DATA -
_____
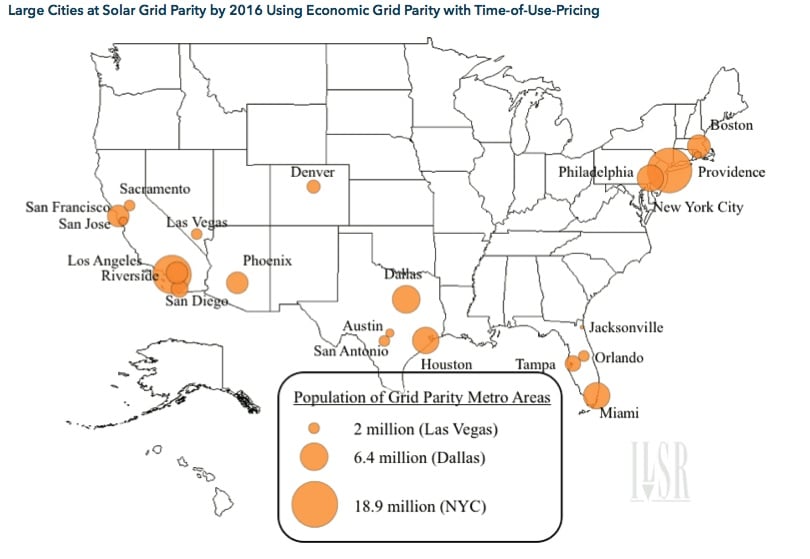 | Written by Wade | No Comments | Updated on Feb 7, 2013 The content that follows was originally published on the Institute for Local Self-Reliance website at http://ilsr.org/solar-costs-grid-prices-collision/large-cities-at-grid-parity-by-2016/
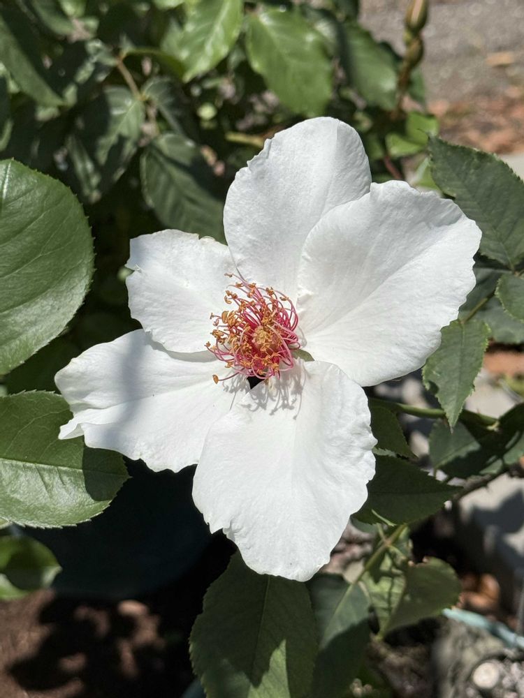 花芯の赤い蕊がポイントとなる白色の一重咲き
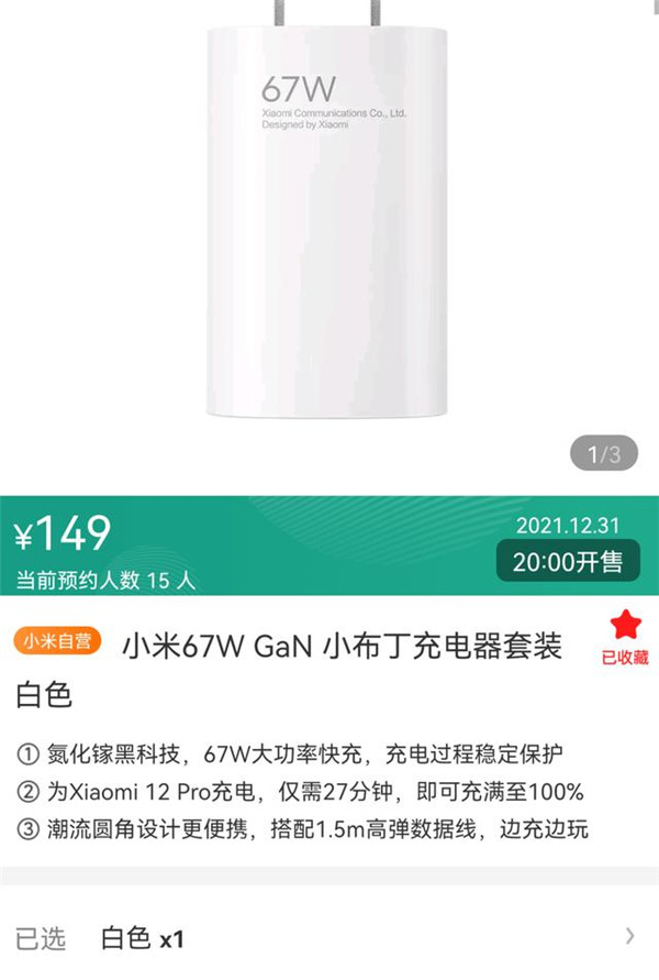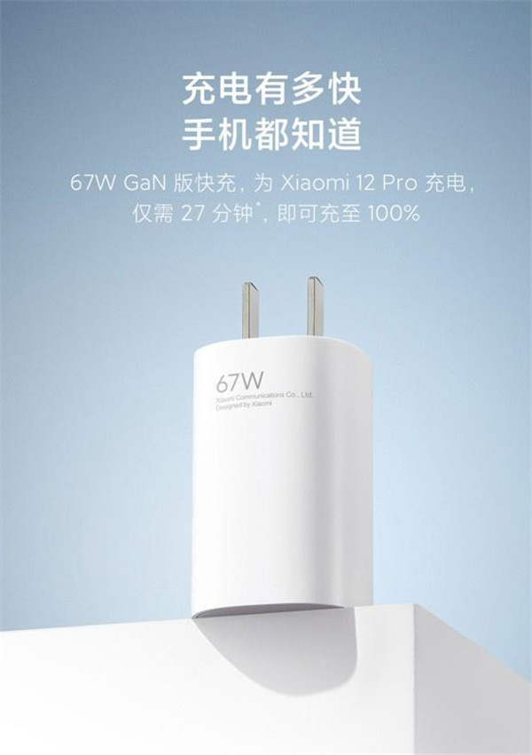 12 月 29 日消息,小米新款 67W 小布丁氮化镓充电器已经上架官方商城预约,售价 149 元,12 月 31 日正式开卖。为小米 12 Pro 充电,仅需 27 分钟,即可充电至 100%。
_____
WORK TO COMPLETE - Without changing a single word, set down all of the material again and leave out its pictures.

OUTPUT BELOW -
 | Written by Wade | No Comments | Updated on Feb 7, 2013 The content that follows was originally published on the Institute for Local Self-Reliance website at http://ilsr.org/solar-costs-grid-prices-collision/large-cities-at-grid-parity-by-2016/
 花芯の赤い蕊がポイントとなる白色の一重咲き
 12 月 29 日消息,小米新款 67W 小布丁氮化镓充电器已经上架官方商城预约,售价 149 元,12 月 31 日正式开卖。为小米 12 Pro 充电,仅需 27 分钟,即可充电至 100%。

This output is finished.